Johnnie slunk away quite cowed.
“Good morning, Sandie,” said the last speaker. “I hope you feel in good
form?”
Sandie laughed.
“Only middling,” he said. “Fact is, last night I was like the minister who
kissed the fiddler’s wife and couldn’t get sleep for thinkin’ o’t.”
“Ha! never mind. I know you’ll be in the money, anyhow, though there
will be a hard tussle.”
Presently Willie Munro came up smiling, and then Sandie felt indeed at
home.
“You really are going to compete, then?” said Sandie.
“Oh, rather! The old folks expect it, you know. I’m not expecting to win,
you know. I shall have a couple of errors at the end of each line, and one in
the middle. If they’d give a bursary for the worst version as well as the best,
I’ll be bound I’d take that. But my sisters feel certain I shall come in third at
least. I may inform you that all my sisters are females, and we all know
what stupid creatures girls are.”
Just then the hall-door was opened by serious, dark-haired John Colvin.

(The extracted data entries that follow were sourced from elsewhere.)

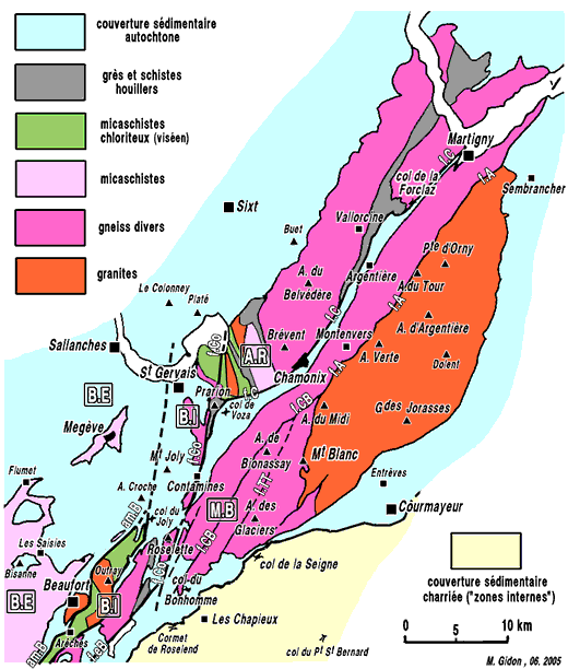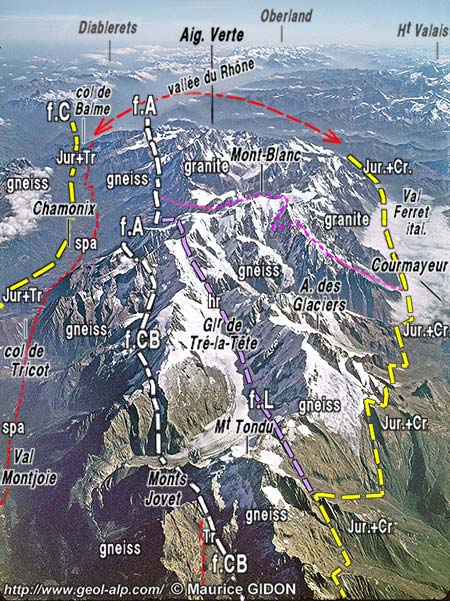 septentrionale du val de Chamonix. Contrairement à ce qui est écrit dans la notice de la carte géologique Chamonix à 1/50.000° rien n'autorise à affirmer que le socle cristallin du Mont Blanc est charrié, au contraire ! En effet le décalage à prendre en compte pour déterminer le rejet de l'accident de la vallée de Chamonix est celui de la surface de la pénéplaine anté-triasique ; or il est clairement extensif puisque, du côté Mont Blanc, cette surface plonge sous le fond alluvial de la vallée avec un pendage tel qu'elle ne saurait buter contre la surface de cassure qu'au moins 1000 m en contrebas, soit 4000 m plus bas que la même surface à la voûte du bloc des Aiguilles Rouges (et encore n'est-ce qu'une estimation minimale). Le surhaussement de la voûte du bloc du Mont Blanc par rapport à celui des Aiguilles Rouges n'est donc pas dû à un chevauchement mais à la plus forte importance, dans le premier de ces deux massifs, du bombement qui a déformé cette pénéplaine anté-triasique. |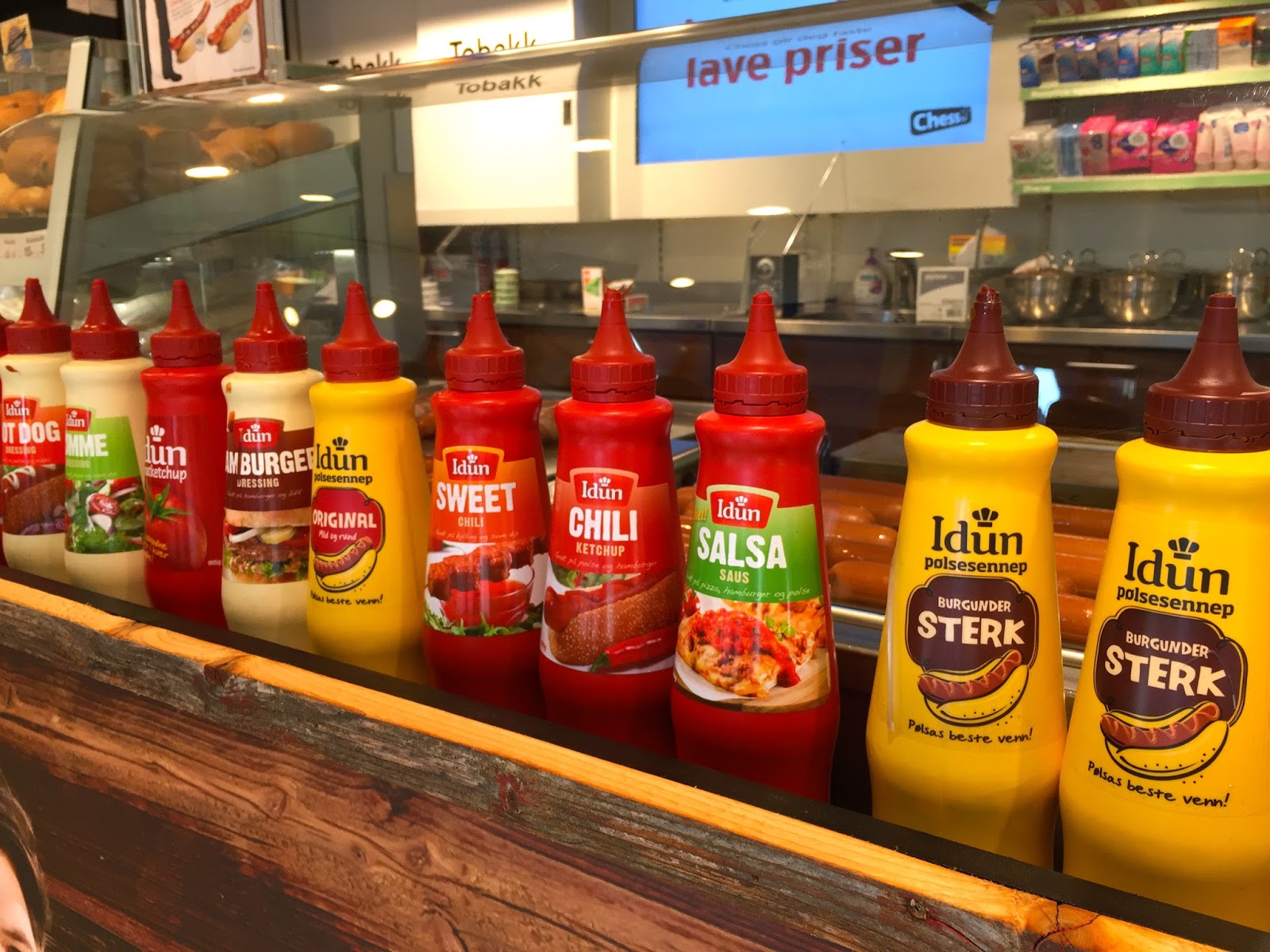 | No shortage of condiments at the equivalent of 7/11, they take their hot dogs very seriously! |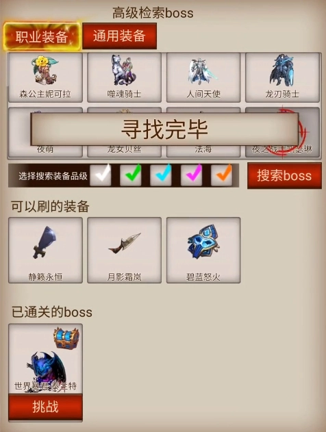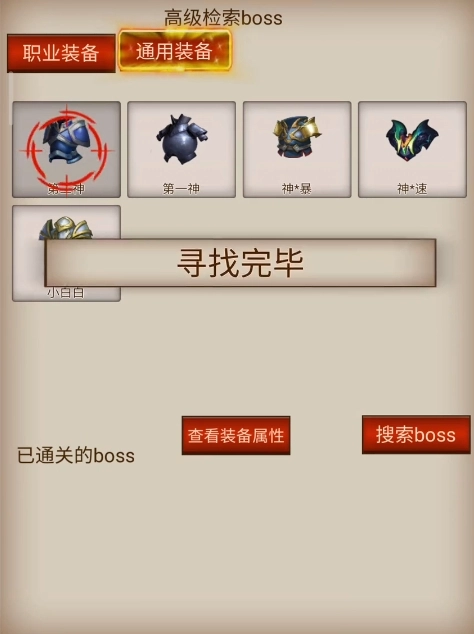 关于挂机:游戏界面有挂机模式和选择boss选项,挂机模式就不介绍了打字累,选择boss可以让你快速选择你想要挂装备的boss(选择boss-点击这里-职业/通用装备然后选择你想挂的装备点击搜索boss,需要注意的是只能搜索你击杀过的)如果你发现正在打的怪不出装备,检查一下该怪的掉落(boss血条最左侧点击宝箱可以查看掉落)没有问题就退游戏清后台一分钟左右在上线百分百会有装备。ps:游戏切换到后台会暂停没有收益,离线掉落远远高于在线,看过广告后会自动进入离线模式,切记挂机时请选择自己能秒的怪切换到重复挑战模式。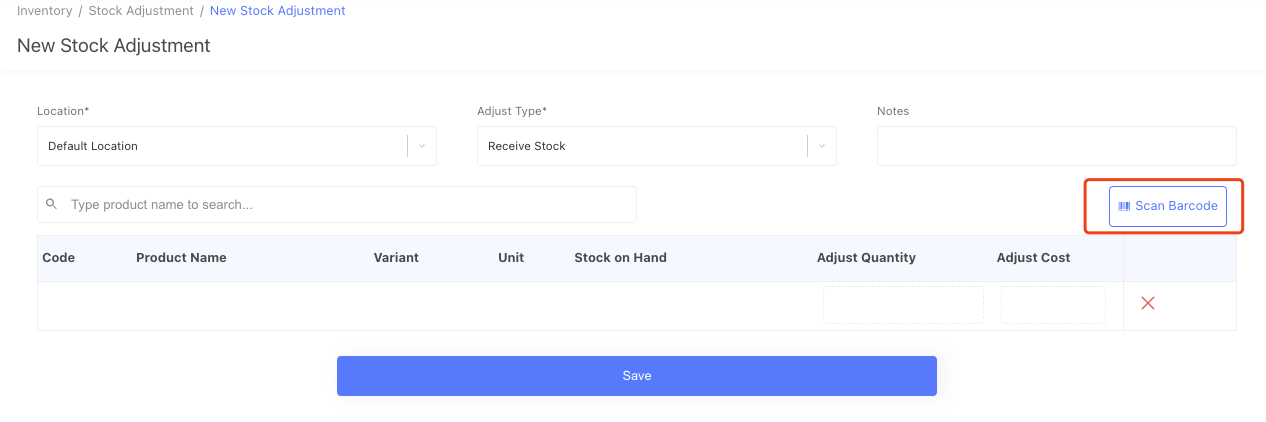 Once you have the barcode managed, when you create a sale order/purchase order/stock adjustment order, you can use the barcode scan feature by clicking the [Sacn Barcode] button.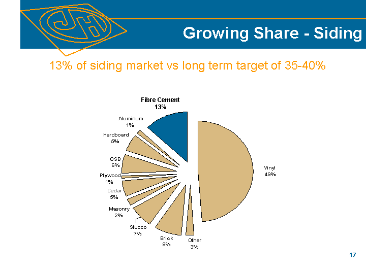 | Growing Share - Siding 13% of siding market vs long term target of 35-40% Vinyl 49% Plywood 1% OSB 6% Hardboard 5% Aluminum 1% Stucco 7% Cedar 5% Masonry 2% Fibre Cement 13% Brick 8% Other 3% |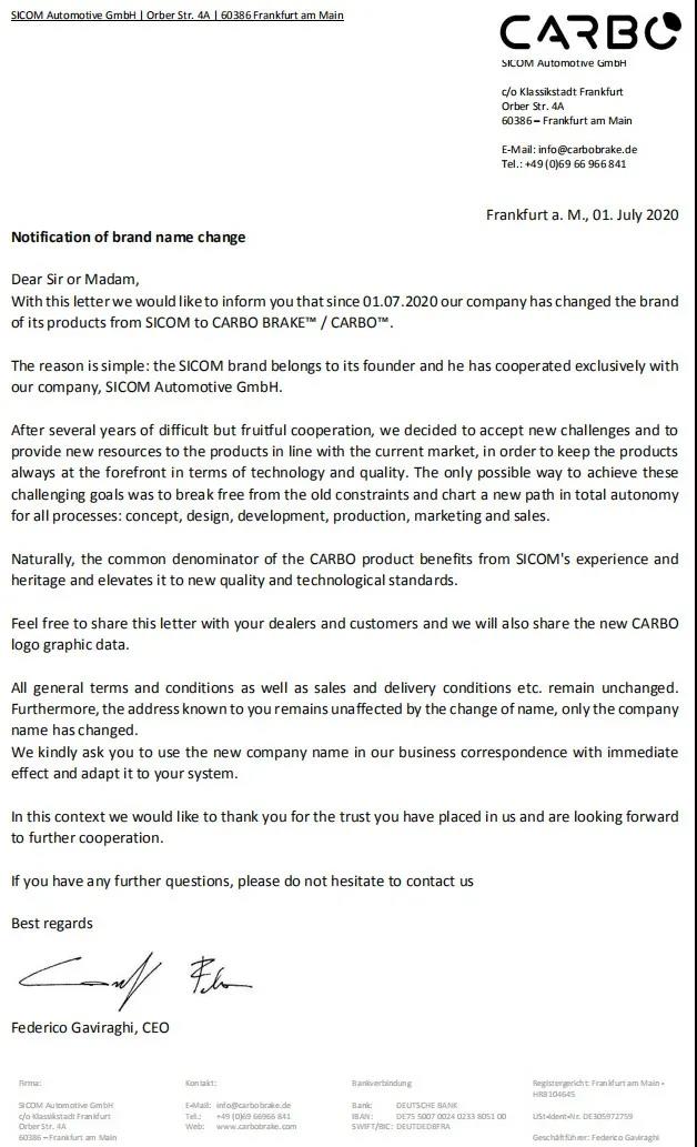 SICOM品牌是由的创立者所拥有,我们与SICOM合作关系是SICOM Automotive GmbH - 独家合作。 经过几年艰难且有成效的合作,我们决定接受新的挑战,为产品提供符合当前汽车市场的新资源,让产品在技术上 和质量上始终处于领先地位。达到这个富有挑战性的目标的方法是,打破旧的约束,开创一条新道路,在以下所有 流程上都能完全自主的概念、设计、开发、生产、市场以及销售。 前提,CARBO产品得益于SICOM的经验和传承,会把质量和技术提升到一个新的高度。 这封信请大家广而告之,我们也会把CARBO标志的陆续呈现给大家。 所以,我们的条款和销售及交货条件均保持不变。而且,我们的地址也没有变化,只有公司名称改了。
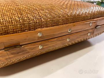 Borsa vintage rigida in vimini intrecciato con piccoli manici, chiusura, foderata internamente con tasca con cerniera, piccola ma molto capiente.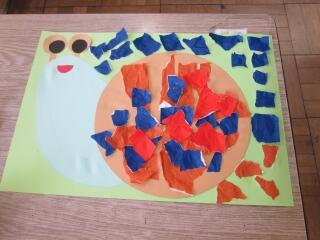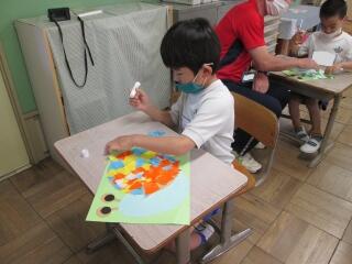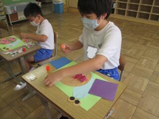 絵を描いて彫刻刀で彫って、色を塗ります。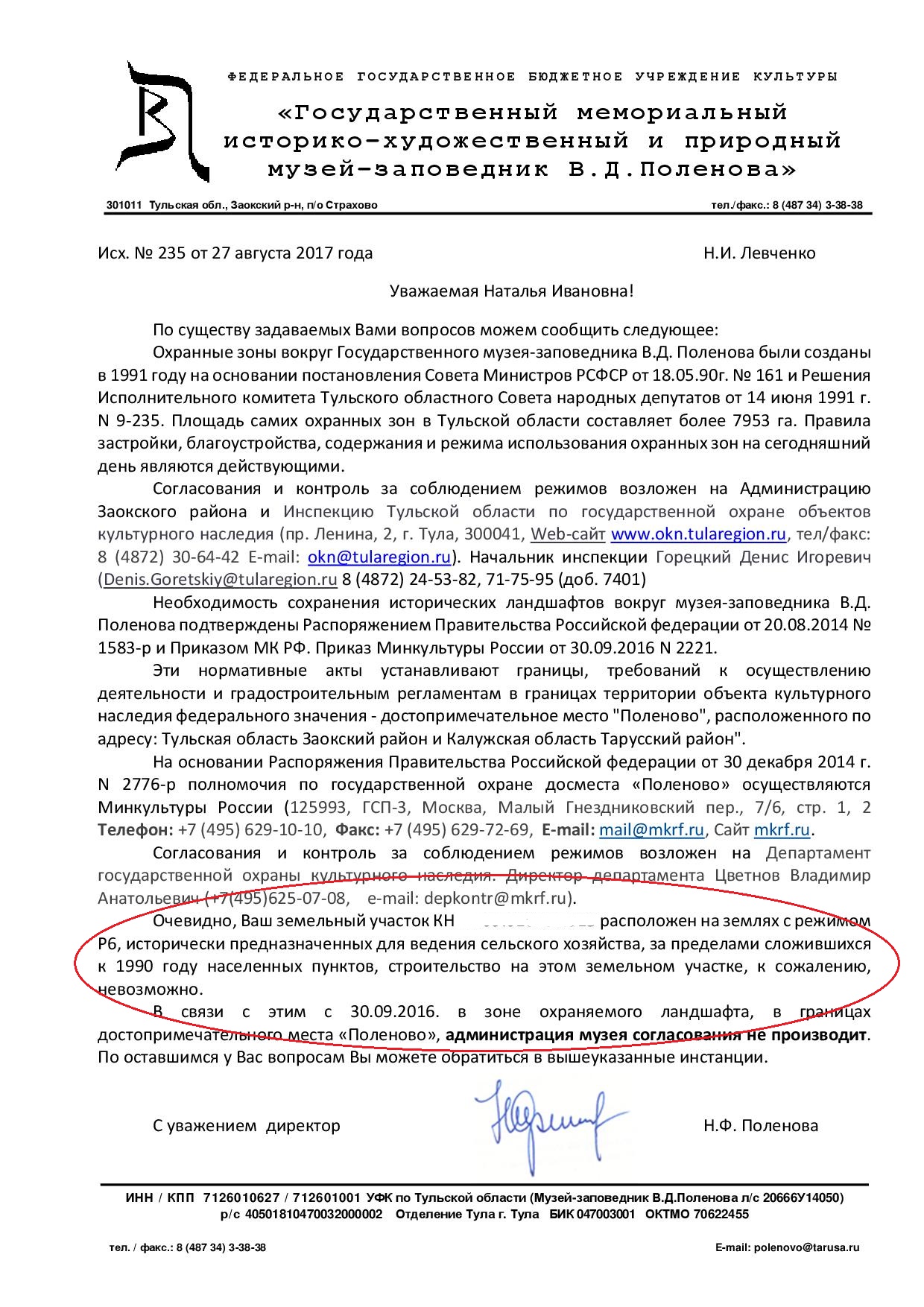 — Я решила убедиться в этом сама и обратилась с заявлениями: в администрацию МО Страховское, администрацию Заокского района, прокуратуру Заокского района, администрацию музея Поленово и в Инспекцию по госохране объектов культурного наследия Тульской области, — рассказывает Наталья. —  Получила ответы, которые все как один похожи, но самый важный для меня ответ был от начальника Инспекции по госохране объектов культурного наследия  — господина Горецкого. Из письма от него я поняла, что ничего ни строить, ни регистрировать мне, действительно, нельзя.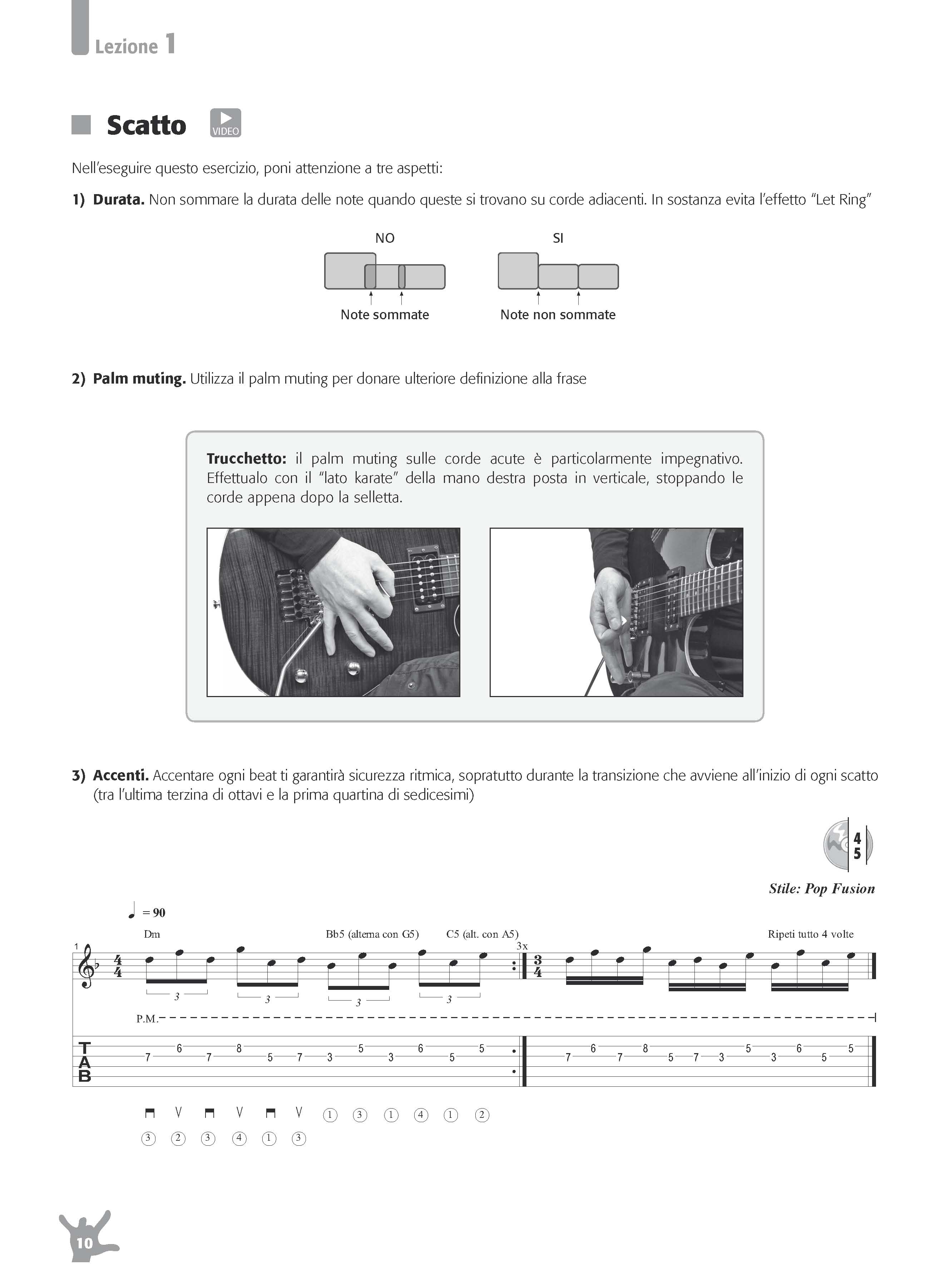 Lezioni 1/6 - Svilupperai la tua pennata alternata lavorando su cinque importanti aree e su un assolo riepilogativo. Le aree sono: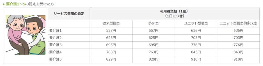 具体的には、従来型多床室の利用料が月額8〜9万円に対し、ユニット型の利用料は月額12〜14万円です。ユニット型に入所した場合の自己負担は、多床室より月額4〜5万円高くなります(※)。

The Sacrist was there too in his robes—a well-worn, rusty, black gown, and
when the crowd entered the lower hall they found the professors in goodly
force.
Small tables were arranged all over the hall, but none of these were
within speaking distance of each other, the object being to prevent one
student from assisting another.
In the centre of the hall stood a pulpit, and all day long one or other of
the professors would do sentry-go therein, and keep an eagle-eyed outlook
upon the competitors to prevent inter-communication. But, as will be
presently seen, all their alertness and vigilance did not have the desired
effect.
The papers to be translated, with foolscap, pen, and ink, lay on each
table.
Don’t smile, reader mine, at what I am now going to tell you, for
remember Sandie M‘Crae is a character from real life, and I have to paint
him as he was. Before even looking at the papers, then, Sandie bent low his
head over his little table, and prayed long and earnestly that, if it were for
his good, God might give him strength to do his work as it ought to be
done. Then he said from his very heart, “Thy will be done.”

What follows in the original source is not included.